Ungar did, however, receive some prominent support. A letter arrived from his former mentor, Rabbi Leo Baeck. “I think you will mean something in South Africa, and open a new way … Please do not be afraid of the Big Brother; mostly the Younger Brother does carry the day. Nor be worried about polemics, polemics prove that we are alive.”[xxv]

Despite such encouragement from far away, Ungar decided to leave[xxvi]. The Temple management, despite their differences with the rabbi, were stunned when he announced his planned departure, and begged him to stay on. When it became apparent that he had made up his mind, they asked for six months’ notice to arrange for a successor. This he agreed to. [xxvii]
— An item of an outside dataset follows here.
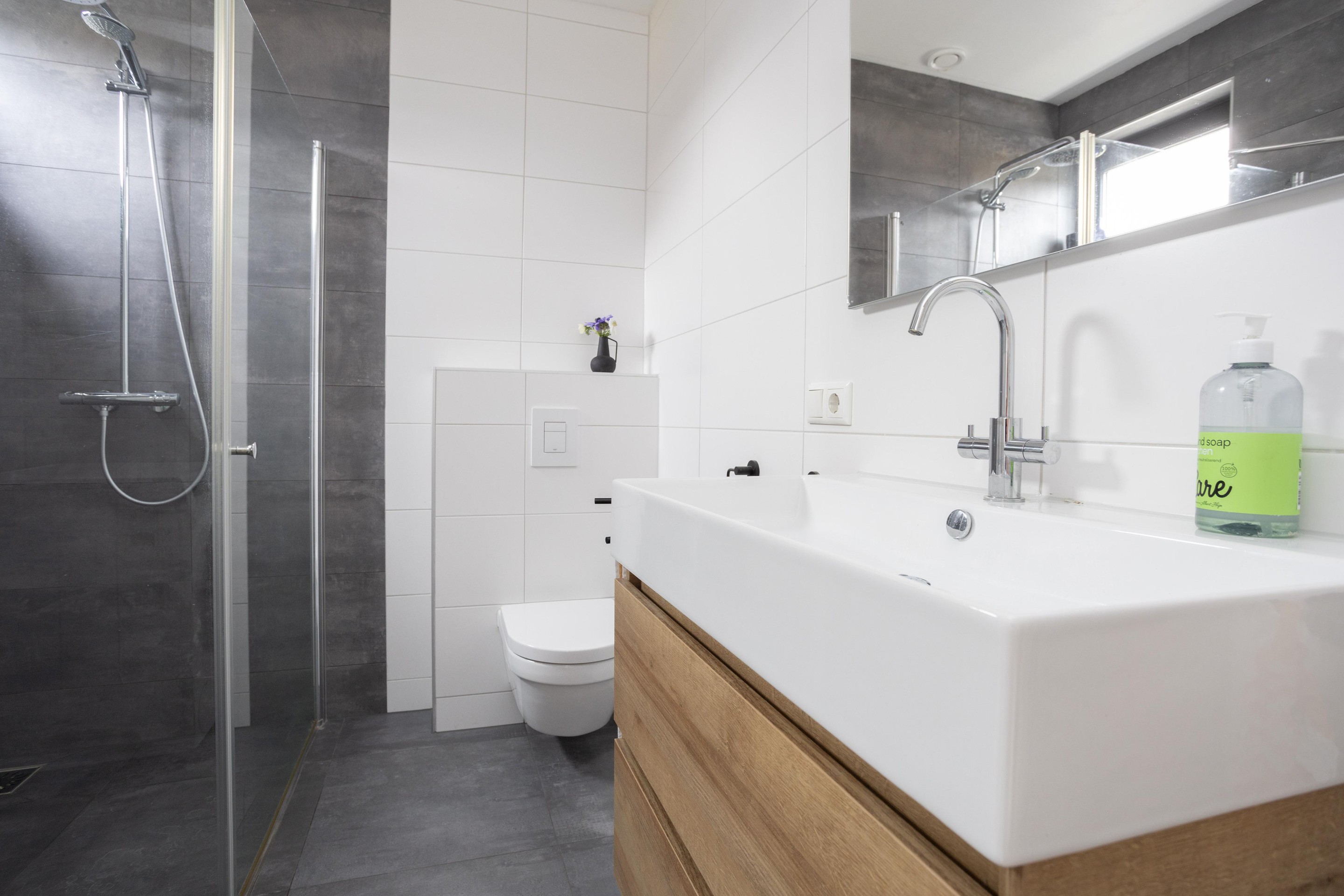 Op deze verdieping 3 ruime slaapkamers en de badkamer. De slaapkamers aan de voor- en achterzijde zijn over de gehele breedte. De badkamer beschikt over een inloopdouche en een wastafel. Tot slot is er nog een apart toilet met fonteintje.

Meanwhile, the political controversies continued. The rabbi was one of seven speakers at a meeting on 13 November 1956, at the Feathermarket Hall in Port Elizabeth, which drew an audience of 750. Messages of solidarity were read out from the likes of Liberal Party leader Alan Paton, then at the height of his fame as author of “Cry the Beloved Country”. But it was Ungar’s speech which made the headlines. The Evening Post reported that he had warned white residents of the better-class suburbs of Summerstrand, Parson’s Hill and Mill Park, “who were watching and doing nothing” that retribution was bound to come over their inaction. He described how Hungarian Jews had been driven into the ghettoes by the Nazis, and how he was seeing something similar again, “under our eyes and with our connivance”.[xxviii]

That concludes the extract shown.